Ужас, хаос, слезы, сумасшедший смех. Совсем рядом с нами разразился
плачем младенец на руках у молодой женщины. Мать как могла, пыталась
успокоить ребенка, прижимала его к себе, что-то тихо говорила, но ее
слова утопали во всеобщем шуме. Наконец она, сама не выдержав
напряжения, разрыдалась и сползла по стене на холодный гранитный пол. Ребенок
заплакал еще громче, когда руки матери расслабились и уронили его на
колени. Я медленно подошел к женщине. Младенец протягивал к матери
маленькие ручки и заливался в плаче, а она уже не отвечала на его зов. - Катя, - я бросил быстрый нерешительный взгляд на девушку, - Катя, она, кажется… -
Люди! – перед тем, как закричать, Катерина склонилась над незнакомой
женщиной и подхватила на руки ребенка. Девочку, как мы узнали потом, -
Есть здесь врач?! - Умерла. Сердце не выдержало потрясения, - молодой
парень назвавшийся Сергеем, студент медицинского факультета, теперь уже
бывший, посмотрел на нас с Катей, которая все еще держала младенца на
руках, - ребенок ее? – он кивнул на мертвую женщину.

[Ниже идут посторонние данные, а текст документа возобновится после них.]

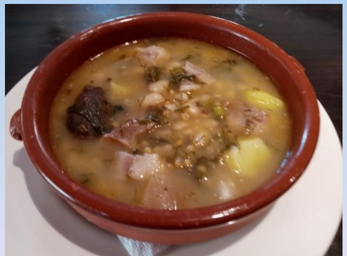
Potaje de hinojos

acompañan a legumbres y carnes; la ascendencia judía se refleja en la gran variedad de Potajes, como el famoso Potaje de hinojos , y la conservación de la succulenta repostería morisca, elaborada a base de almendra, miel y harina.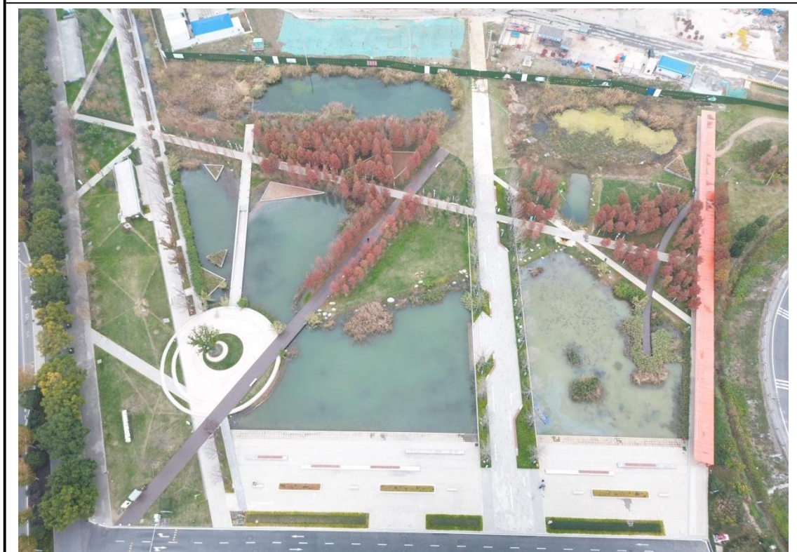
城市活力公园区现状（2025年12月）

К этому времени
паника у людей немного ослабла и они стали решать, что делать дальше. - Да, - кивнула Катя, - теперь будет наш. -
А как вы собираетесь кормить его? – серьезно спросил парень и, не
дожидаясь ответа, ушел. Катерина с отчаянием взглянула мне в глаза, но
чем я мог сейчас ей помочь? Помочь смог все тот же Сергей, приведший с
собой Клаву, тридцатилетнюю женщину, которая оказалась в метро с мужем и
маленьким сыном на грудном кормлении. - … звичайно, а як же я
дитинку залишу. Біднесенька! – Клава взяла девочку на руки, рядом с ней
оказался и муж с сыном. Он улыбался. - Ми так з тобою мріяли про
дочку. Ось яка біда повинна була статися для цього, - оказывается Клава
после первых родов стала бесплодной и появление в ее жизни этой девочки
помогало ей сейчас выдержать удар судьбы. Кто знает, кого из близких она
потеряла. - Олена, - Клава уже дала девочке имя и теперь осыпала новообретенную дочь поцелуями, - я вигодую тебе, дівчинко… Начались первые дни новой эры Земли.